Remember your first taste of 'automobile' with the tri-cycle that you simply loved as a child? Did you ever realize that the only tri-cycles around to remind us of our fond memory are the Cycle-Rickshaws? Little do most of us know how they have come to symbolize the state of injustice, corruption, oppression and abject poverty in Delhi.

Unofficial estimates indicate that there are nearly five lakh Rickshaw-pullers in Delhi, with only one lakh having a proper authorization. An investigation into how this operates unravels a nexus of MCD officials (including the top brass), Delhi Traffic Police and the ever-flourishing Rickshaw-Mafias.

Almost none of the Rickshaw-pullers in Delhi are the owners of their Rickshaws. They pay a daily rent of Rs 30-40 to the Rickshaw-owners. The average income of a day yields about Rs 125-150 in which they have to pay for their Rickshaw rent, food, living, children's education, support their families and often save up to send back home in the villages. With prices soaring high, it is grossly insufficient to survive. On top of that, if their luck runs out and they have fallen prey to the MCD officials, the fine imposed is Rs 325 if paid within a day of detention, with Rs 25 added for each day's delay. However, the norm is to forcefully extract bribes of Rs 150-200. The 119 roads which have been declared as no-entry roads for Rickshaw-pullers are being used by the Delhi Traffic Police to the same effect.

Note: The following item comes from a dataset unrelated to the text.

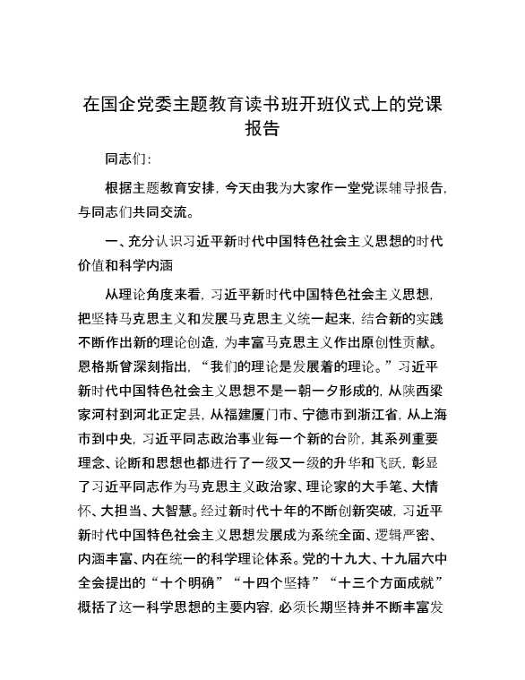 在国企党委主题教育读书班开班仪式上的党课报告 2024-01-11 Word模板 128 购买前,请一定要先点击这里看看,欢迎持续关注,精彩模板每天推送 预览结束,本文件为word文档,一共11页,共5626字,请购买后,下载后查看 购买前,请一定要先点击这里看看,欢迎持续关注,精彩模板每天推送 资源下载下载价格29 RMBVIP免费升级VIP点击检测网盘有效后购买有任何充值和下载问题请加微信:xuexixuexi66 0 党课及生活会

Also numerous Rickshaw-Mafias operate in the city. They own hundreds of Rickshaws illegally and in liaison with the MCD, are a major force in preventing the formation of a Rickshaw-pullers' Union to fight for their rights. Some, like Rizwaan who runs a rickshaw garage at the Asif Ali Road and Biloo who runs one at Yamuna Bazaar, are believed to own more than 2500 Rickshaws. Some empathetic small-scale owners like Seema didi (as she is fondly called) who runs a tea-stall near the old 'lohe ka pul' near Yamuna Bazaar are under constant harassment. Seema didi is a member of the Delhi Pradesh Cycle-Rickshaw Thela-Chaalak Union (affiliated to CITU) and is fighting a lone battle for the rights of the Rickshaw-pullers. She says, 'Out of the 32 Rickshaws that I once had, only 9 are left now. The rest were illegally detained by the MCD at the behest of Rickshaw-Mafias.' These Mafias have also developed a proper coding technique, in which their Rickshaws have a particular symbol which indicates to the official machinery that it is a strictly 'touch me not'.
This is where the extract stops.